Он все еще пребывал в оцепенении и не мог вернуть себе дар речи от потрясения и неверия. А увидев Фэрфакс, просто разлетелся на куски.

В прямоугольном фундаменте маяка, где находилась гостевая, отворилась дверь. Свет из комнаты окутал силуэт в дверном проеме. Должно быть, обеспокоенная долгим отсутствием Тита, Фэрфакс выглянула проверить, не вернулся ли он.

Он не мог посмотреть ей в глаза. Не мог справиться с пульсирующими в жилах гневом и скорбью. Не мог предстать перед будущим, в котором нет ничего кроме долга, когда наконец познал, каково жить с надеждой в мыслях и каждом вздохе.
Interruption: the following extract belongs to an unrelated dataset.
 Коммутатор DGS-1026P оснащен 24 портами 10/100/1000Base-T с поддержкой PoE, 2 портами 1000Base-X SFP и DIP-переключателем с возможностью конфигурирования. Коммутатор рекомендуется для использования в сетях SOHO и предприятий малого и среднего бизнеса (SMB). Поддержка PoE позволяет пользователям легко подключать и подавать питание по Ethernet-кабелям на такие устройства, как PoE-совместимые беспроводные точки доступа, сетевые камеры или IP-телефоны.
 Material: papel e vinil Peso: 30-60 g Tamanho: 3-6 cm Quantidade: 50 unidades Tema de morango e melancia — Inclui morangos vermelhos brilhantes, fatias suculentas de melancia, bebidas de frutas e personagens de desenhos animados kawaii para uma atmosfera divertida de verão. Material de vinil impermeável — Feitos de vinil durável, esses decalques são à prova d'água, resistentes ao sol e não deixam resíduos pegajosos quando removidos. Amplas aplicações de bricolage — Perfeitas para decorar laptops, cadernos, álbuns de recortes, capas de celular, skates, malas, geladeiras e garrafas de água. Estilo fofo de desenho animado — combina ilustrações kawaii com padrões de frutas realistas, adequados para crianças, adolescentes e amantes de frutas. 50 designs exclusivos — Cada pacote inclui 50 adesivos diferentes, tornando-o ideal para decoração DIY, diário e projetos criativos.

Тит поднес палочку к виску. Трусливое решение. Но он хотел позволить себе несколько часов без осознания неминуемой гибели Фэрфакс.

Несколько часов наедине с ней и будущим, где они проведут солнечные дни под цветущим седмичным деревом с друзьями, которые могут заявиться в любой момент.

 

Глава 8

Иоланта размышляла, не рассеять ли туман для лучшего обзора, когда из серых завихрений появился Тит.

Она подбежала к нему:

– Почему так долго? Фортуна, защити, у тебя руки ледяные. Где ты был?
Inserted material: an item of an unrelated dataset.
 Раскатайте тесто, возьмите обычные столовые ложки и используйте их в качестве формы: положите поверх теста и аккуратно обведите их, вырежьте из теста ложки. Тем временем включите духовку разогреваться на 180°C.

Он прижался к ее щеке столь же ледяными губами.

– Прости, просто стоял на улице.

Иоланта втащила его в комнату и захлопнула дверь. Тит стучал зубами.

– Зачем? Что тебе рассказал Кашкари?

Он прислонился спиной к двери и полуприкрыл глаза.

– Свой утренний пророческий сон.

Сердце замерло.

– Что же именно?

Тит медленно и осторожно выдохнул.

– Я пока подавил это воспоминание. Завтра оно вернется, но сейчас я понятия не имею, что сообщил Кашкари.

Другое подавленное воспоминание касалось подробностей его смерти. Голова закружилась, будто Иоланта стояла на краю пропасти, влекомая вперед ее бездонными глубинами.

Она сжала такую холодную руку Тита и, не обращая внимания на пульсирующий в висках страх, потащила его по коридору.

– Там есть сидячая ванна с горячей водой. Погрейся.

– Ты, наверное, ее для себя приготовила, не хочу лишать тебя удовольствия.

Иола указала на свою пижаму. Решив, что могут покинуть школу в любой момент, они стали собирать в лаборатории припасы: еду, белье и запасную одежду.

– Я уже помылась – иди, оттаивай.

Пар в ванной комнате напоминал погодные условия снаружи, вот только тут было тепло и пахло засушенным серебристым мхом, который Иоланта нашла в лаборатории и бросила в воду.

– Прости, – извинился Тит, пока они стояли на пороге. – Прости, что принес ужасные новости, но не набрался смелости сохранить для тебя подробности.

Пустыня его потрепала. От вида его запавших глаз и щек у Иолы сердце разрывалось.

– Не думай об этом.

– Как? Как не думать о грядущей катастрофе?

В самом деле, как? Она опустила руку на лацкан его шерстяного пиджака, все еще влажного от тумана.

– Ты помнишь, почему я вызвала первую молнию в Малых Заботах-на-Тяготе?

– Ты пыталась исправить испорченный эликсир света.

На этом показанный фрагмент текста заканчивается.